Statistics
Variance, std dev, Z-score
About This Calculator
Descriptive statistics summarize a data set's central tendency (mean) and spread (variance, standard deviation). The standard deviation measures how spread out values are from the mean, while the Z-score tells you how many standard deviations a specific value is from the mean. These are foundational tools for data analysis, quality control, and scientific research.
Formula
Mean: μ = Σx / n
Variance: σ² = Σ(x − μ)² / n (population) or Σ(x − μ)² / (n−1) (sample)
Standard deviation: σ = √variance
Z-score: Z = (x − μ) / σ
Example Calculation
Data: [4, 7, 13, 2, 1, 3]
- Mean = (4+7+13+2+1+3)/6 = 30/6 = 5
- Deviations²: (4-5)²=1, (7-5)²=4, (13-5)²=64, (2-5)²=9, (1-5)²=16, (3-5)²=4
- Variance = (1+4+64+9+16+4)/6 = 98/6 = 16.33
- Std Dev = √16.33 = 4.04
Mean=5, Variance=16.33, Std Dev≈4.04
Standard Deviation Interpretation (Empirical Rule)
| Range | % of Data | Real-world example |
|---|---|---|
| μ ± 1σ | ~68% | 68% of adults within 1 SD of mean height |
| μ ± 2σ | ~95% | 95% of test scores within 2 SDs of mean |
| μ ± 3σ | ~99.7% | 99.7% of quality parts in spec (6-sigma is ±3σ per side) |
Frequently Asked Questions
When do I use population vs sample variance?
Use population variance (divide by n) when you have data for the entire group.

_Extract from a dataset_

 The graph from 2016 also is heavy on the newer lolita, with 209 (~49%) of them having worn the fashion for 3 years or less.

Use sample variance (divide by n−1) when your data is a sample, because dividing by n−1 gives an unbiased estimate of the true population variance.

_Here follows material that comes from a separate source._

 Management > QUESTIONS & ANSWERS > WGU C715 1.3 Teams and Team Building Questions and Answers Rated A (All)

What does a high standard deviation mean?
A high standard deviation means data points are spread far from the mean — high variability. A low standard deviation means data clusters tightly around the mean. It's always interpreted relative to the mean: a SD of 10 is large if the mean is 5, but small if the mean is 1000.

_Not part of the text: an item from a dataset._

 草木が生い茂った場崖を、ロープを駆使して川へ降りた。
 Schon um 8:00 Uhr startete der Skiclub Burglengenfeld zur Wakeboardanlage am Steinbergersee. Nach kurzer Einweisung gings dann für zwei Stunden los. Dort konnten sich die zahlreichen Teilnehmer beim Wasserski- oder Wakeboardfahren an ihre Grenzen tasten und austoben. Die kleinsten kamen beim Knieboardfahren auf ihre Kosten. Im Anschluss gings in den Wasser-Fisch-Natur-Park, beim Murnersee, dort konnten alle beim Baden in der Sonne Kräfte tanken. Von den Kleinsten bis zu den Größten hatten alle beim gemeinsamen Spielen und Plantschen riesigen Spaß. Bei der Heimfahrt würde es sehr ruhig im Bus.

What is a Z-score used for?
A Z-score tells you how unusual a value is relative to its distribution. Z=0 is average, Z=2 means the value is 2 standard deviations above average (rarer than 97.7% of values). It also lets you compare values from different scales.
What is the difference between variance and standard deviation?
Variance is the average squared deviation from the mean — it's useful mathematically but in squared units. Standard deviation is the square root of variance, bringing it back to the original units and making it directly interpretable.